Pohoy (also Pojoy, Pojoi, Pooy, Posoy, Pujoy) was a chiefdom on the shores of Tampa Bay in present-day Florida in the late sixteenth century and all of the seventeenth century. Following slave-taking raids by people from the Lower Towns of the Muscogee Confederacy (called "Lower Creeks" by the English and Uchise by the Spanish) at the beginning of the eighteenth century, the surviving Pohoy people lived in several locations in peninsular Florida. The Pohoy disappeared from historical accounts after 1739.

Sixteenth century
Tampa Bay was the heart of the Safety Harbor culture area.
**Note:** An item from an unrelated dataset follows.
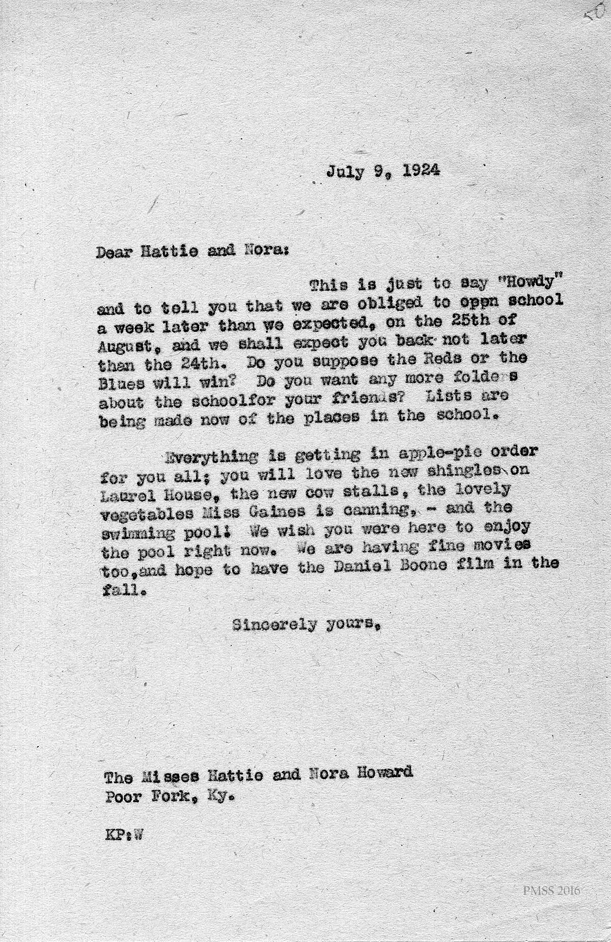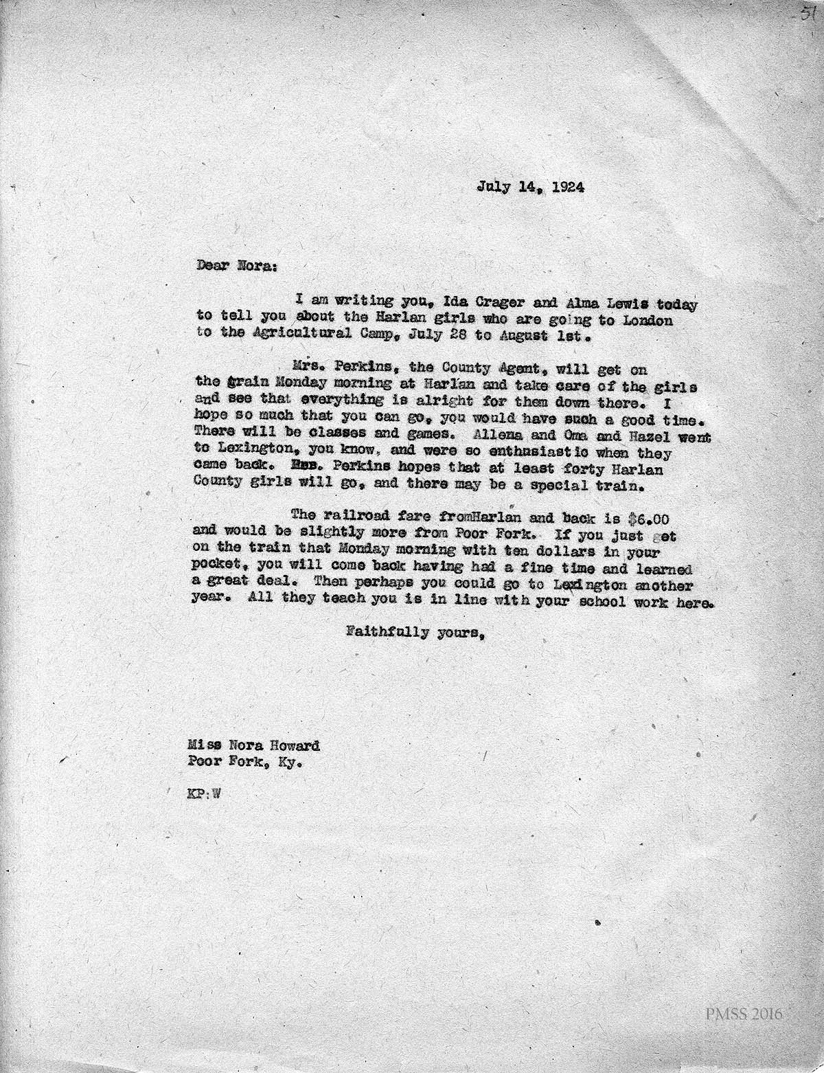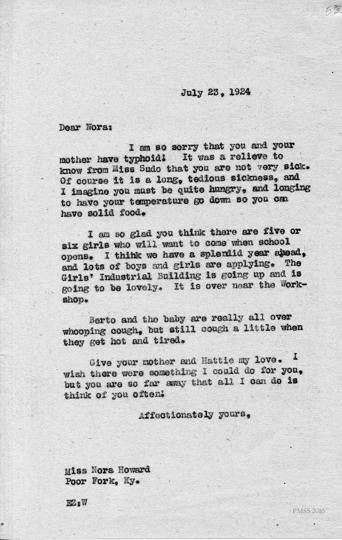 Nora first attended Pine Mountain Settlement School in 1921 as a fifth-grader [age 15] and apparently completed grade school in 1923 at age 17. She then attended part of high school, leaving the School for Berea (KY) College in the Fall of 1927. By September 1927, Nora was writing from Berea College where she was working at Boone Tavern and going to school [?]. She was then 21 years old. Harriet remained at Pine Mountain, but by 1928 her sister Nora was working to enroll her at Berea.

People in the Safety Harbor culture lived in chiefdoms, consisting of a chief town and several outlying communities, controlling about  of shoreline and extending  or so inland. Ceremonial earthwork mounds were built in the chief towns. Chief towns were occasionally abandoned and new towns built. There are fifteen or more Safety Harbor chief town sites known, most of which are located on a shoreline.

When the Spanish reached Tampa Bay early in the sixteenth century, they found three or four chiefdoms on the shores of the bay. The town of Tocobago was at the northern end of Old Tampa Bay (the northwest arm of Tampa Bay), Uzita controlled the south shore of Tampa Bay, from the Little Manatee River to Sarasota Bay; and Mocoso was on the east side of Tampa Bay, on the Alafia River and, possibly, the Hillsborough River. There may have been a fourth independent chiefdom, Capaloey, on Hillsborough Bay (the northeast arm of Tampa Bay), which may have included the Hillsborough River. Twentieth-century ethnographer Milanich states that the name Pohoy is a form of Capaloey.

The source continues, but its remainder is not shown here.